Mythic Minds Devblog 1/17/19 - What's The Point Of Playtesting?


The title of this devblog was a question that was posed during our last team meeting. Every single time we met up as a group and anytime we added a significant change to the game, we would do a playtest. Any experienced game developer will tell you that you should playtest your game, but most will just stop there and won't expand on the most important detail "why?

We only recently discovered our "why." We playtest because every time we do, we find new flaws in our game, new problems to solve, new issues to fix. We discover Units that are unfun to play or play against. We find new data like "the first player to reach and capture a Summoning Portal, has won the game every time" and "the player with Deck A on average reaches a Portal first because they have 1 more speedy Unit than the player playing with Deck B." If we released the game to people before realizing this, it would be a disaster. 
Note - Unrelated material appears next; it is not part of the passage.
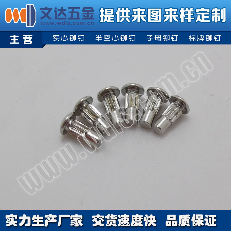 深圳市文达五金制品有限公司,主营铆钉生产,主要设备是高速冷锻打头机,是一家主要生产各种材质(不锈钢、铜、铝、铝合金、铁等)的铆钉(中空铆钉,实心铆钉、半圆头铆钉、平头铆钉、沉头铆钉、子母钉等)的厂家。公司拥有先进的机械设备及经验丰富的技术骨干,可生产产品尺寸为公称直径: 1.0mm ~ 6.0mm,长度: 1.5mm ~ 60mm,帽径: 1.5mm~ 15mm。制造的产品畅销国内外,产品质优价廉,起货快捷,服务专业到位,深得广大新老客户的一致好评。本公司一直秉承“诚信卓越专业共享”的核心价值观和“合规稳健,创新发展”的经营理念,服务优质、效益良好、创新能力和市场竞争能力突出。我们以开拓进取、敬业创新为精神,热忱欢迎国内外新老客户洽谈合作,共铸辉煌。

Narrow Focus vs. Broad Focus

When we make a change to a Unit, we generally playtest it a few times to make sure that change was accomplishing what we wanted it to. We're looking at one particular Unit, often one particular stat or trait. When we playtest on meeting days, we're generally just looking at how the game feels. We're waiting for something to jump out to us as "hey, that felt unfair" or "I felt like I couldn't win once X happened." These are the major differences between the ways we playtest. One affirms our changes and helps us put a bow on things. One creates new problems and kicks walls out of the house we thought was well-built. 

Both of these tests have value. Both of them move our game forward. But one is always way more emotionally draining. With the narrow, confirmation tests, you feel great afterwards "hey that change fixed it perfectly" but with the broad tests you're poking holes, you're critical of your work and you walk away with a big list of bugs, issues and work that now has to be done.

As a team, we will never truly be done testing. We will always be adding new Units, changing up maps, adding new game-enhancing features and therefore, we will always need to subject these new things to rigorous testing and scrutiny. Evocus will always be evolving and with that, so will the problems that arise. But as our problems evolve, so will our knowledge and abilities to deal with them.